• What is expected
Using only the entries below, copy exactly the lines that begin at the one with "Travaux route d'Orcier" and end at the one with "Links kardinaalsmuts, rechts duindoorn", both included. Drop the pictures.

*** Opening of The input ***

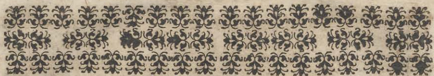
TABLE DES CHAPITRES DES TROIS LIVRES DE CE VOYAGE.
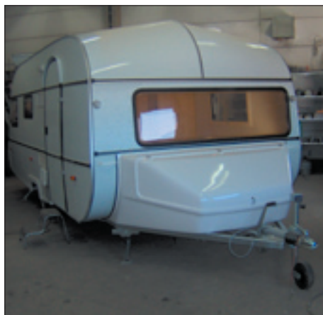
SMV 550 i fullbreddsmodell (2,50 bred). Just detta exemplar håller dessutom på att anpassas för funktionshindrade.

Bilder från fabriken under byggnationen av den anpassade fullbreddsmodellen.
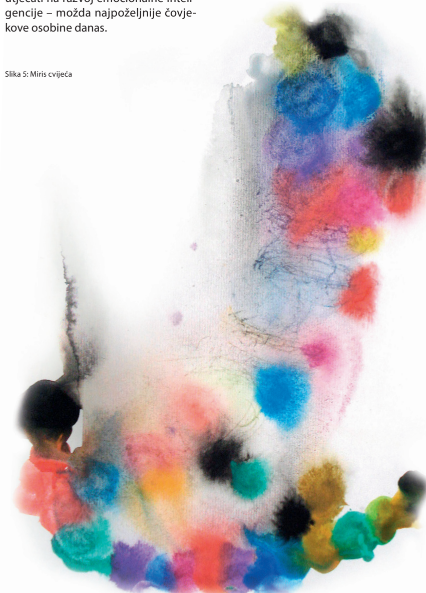
Slika 5: Miris cvijeća

potrebe. Suprotno tome, djeca koja ne prepoznaju ili pogrešno protumače svoje i tuđe osjećaje najčešće iznalaze neprihvatljiva rješenja problema bez obzira na svoje intelektualne sposobnosti (Salovey, Sluyter, 1999.), a osobito iskazuju agresivnost i teškoće u odnosima s vršnjacima. Budući da se emocionalne vještine, kao i većina drugih vještina, mogu naučiti i unaprijediti promišljanjem i kontinuiranim učenjem, ustanove ranog odgoja su prva mjesta za promoviranje emocionalne inteligencije i razvoja emocionalne pismenosti. Iskazivanje emocija kroz likovni (neverbalni) proces može utjecati na razvoj emocionalne inteligencije – možda najpoželjnije čovjekove osobine danas.
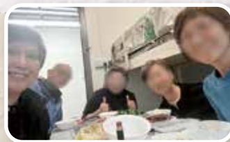
▲ 宣道會大埔堂牧者（左一）與信徒一同探訪遷到過渡性房屋的宏福苑居民，並將教關「宏福苑火災支援基金——一杯涼水緊急援助金」轉交予居民。
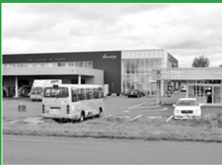
36人の障害者が働くクリーニング工場
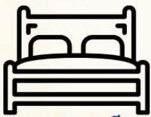
4.5-5ฟุต 1เตียง

ห้องพักเตียงดับเบิล DOUBLE BED ROOM (DBL)
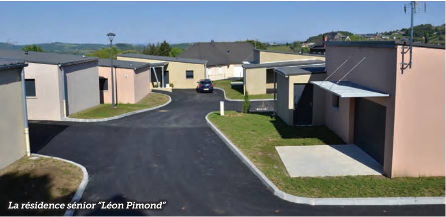
La résidence sénior "Léon Pimond"
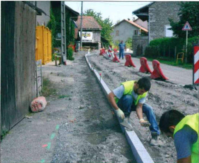
Travaux route d'Orcier
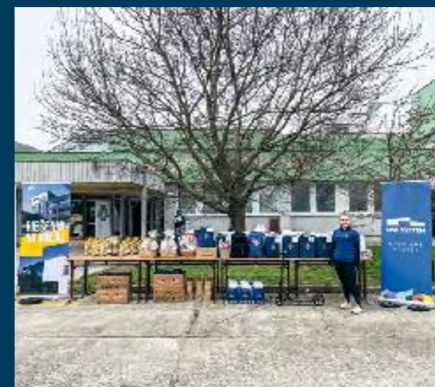
ŠPORTOVÝ DEŇ POLICAJNÉHO ZBORU BA
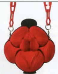
กระเป๋าสะพายขึ้นรูป ด้วยเทคนิคการพิมพ์ 3 มิติ จาก JULIA DAVIY
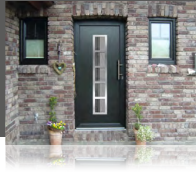
APART 03 außen: Klarglas mit Sandstrahlmotiv G7010 innen: Klarglas wärmebeschichtet Farbe: tannengrün • Mindestmaß: 330 x 1660 mm
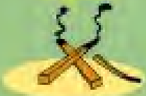
σιγάρα 1 ώρα
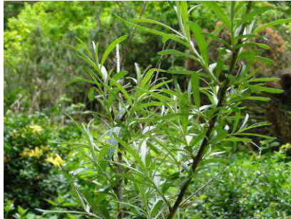
Links kardinaalsmuts, rechts duindoorn

Hulst heeft tot twee meter hoog stekelig blad, waarschijnlijk tegen vraat, want daarboven is het blad ongestekeld. Niet-inheemse struiken en bomen: Anna Paulownaboom (genoemd naar de vrouw van Willem II) met lila bloei voordat het groot zacht blad verschijnt, boerenjasmijn, deutzia, grote bergthee, rododendron en duivelswandelstok.
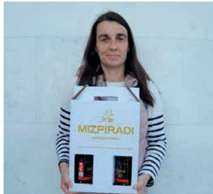
"Nago", saria eskuetan duela. AIURRI

Joko ezagunaren 21. denboraldian, Tokikom Liga jokatzeko ari da Aiurri (Beterri-Buruntza) taldea
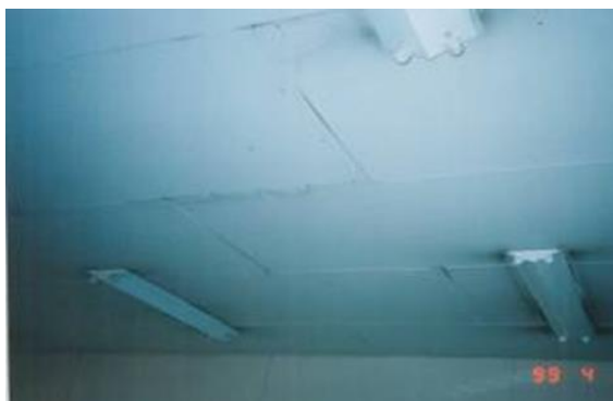
天井のスレート板

大津市環境部環境政策課 電 話：077-528-2735 FAX：077-522-1097
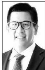
เอกนิติ นิติธรรมประกาศ

ทางออนไลน์ขายกันเต็มไหนไร้อยู่ต่อ รัฐบาลไทยกลับยังทำตัวเหมือน “นกกระจอกเทศมุดหัวในทราย” ปลอ่ยให้รายได้ภาษีสรรพสามิตก่อนมที่มาละลายหายไปตามหน้าต่อตา แทนที่จะได้นำมาพัฒนาประเทศ! แถมยังปลอ่ยให้เกิดช่องว่างกลายเป็นแหล่งทุนทรัพย์ของ “เงินใต้โต๊ะ”... เกิดข่าวการรีดไถรายวันที่ทำลายภาพลักษณ์การท่องเที่ยวไป... แวดวงการเงิน มองว่าสาเหตุที่ภาครัฐยังไม่กล้าขยับเข้ามาแบ่งส่วนหนึ่งก็เพราะติดหล่ม “ความกลัว” จากแรงกดดันของหน่วยงานสายอนุรักษ์นิยมและกลุ่มเอ็นจีโอด้านสุขภาพ เคยเลือกที่จะกอดป้ายคำว่า “แบน” เอาไว้ ทั้งๆ ที่ในความเป็นจริงมันล้มเหลวโดยสิ้นเชิง...!! ซึง้อเอาไว้แบบนี้ คนที่ช่วยที่สุดก็คือ สังคมและเยาวชนนั่นแหละครับ! เพราะพอปลอ่ยให้มันเป็นของใต้ดิน รัฐบาลไม่มีอำนาจเข้าไปจัดระเบียบควบคุมอายุผู้ซื้อก็ไม่ได้ มาตราฐานความปลอดภัยของสารเคมีในตัวยาก็ไม่มี แถมยังปลอ่ยให้เด็กๆ เข้าถึงได้ง่ายกว่าเดิมเสียอีก...ทั้งๆ ที่หน่วยงานฝั่งเศรษฐกิจก็รู้เต็มอกว่า การเปลี่ยนจาก “การแบนที่ไร้ผล” มาเป็น “การควบคุมด้วยกฎหมาย” (Regulation) เหมือนอย่างที่ประเทศเจริญแล้วกว่า 80 ประเทศเขาทำกัน มันคือทางออกเดียวที่สะเด็ดน้ำที่สุด ทั้งได้กำไรเข้ารัฐ ทั้งจำกัดพื้นที่การขายเพื่อปกป้องเด็กได้อย่างจริงจัง... การบริหารประเทศในยุคที่โลกเปลี่ยนผ่านด้วยเทคโนโลยี จะมารัวอ้างเหตุผลแบบโลกสวยแล้วปลอ่ยให้ปัญหาหมันหมักหมมอยู่ที่ท่ามแบบนี้ บอกเลยว่าด้านกระแสสังคมไม่อยู่หรอกครับ...ถึงเวลาที่รัฐบาลต้องเลิกหลบหลังความกลัว แล้วหันมาเผชิญหน้าจัดการกับความจริงได้แล้ว... เอาจริงๆ นะ...คุณเอกนิติ นิติธรรมประกาศ รองนายกรัฐมนตรีและรัฐมนตรีว่าการกระทรวงการคลัง...รู้เรื่องนี้ดีที่สั่งตั้งแต่ตอนเป็นอธิบดีกรมสรรพสามิตแล้วครับ...■ ■

*** Close of The input ***

• Exercise response
Travaux route d'Orcier
ŠPORTOVÝ DEŇ POLICAJNÉHO ZBORU BA
กระเป๋าสะพายขึ้นรูป ด้วยเทคนิคการพิมพ์ 3 มิติ จาก JULIA DAVIY
APART 03 außen: Klarglas mit Sandstrahlmotiv G7010 innen: Klarglas wärmebeschichtet Farbe: tannengrün • Mindestmaß: 330 x 1660 mm
σιγάρα 1 ώρα
Links kardinaalsmuts, rechts duindoorn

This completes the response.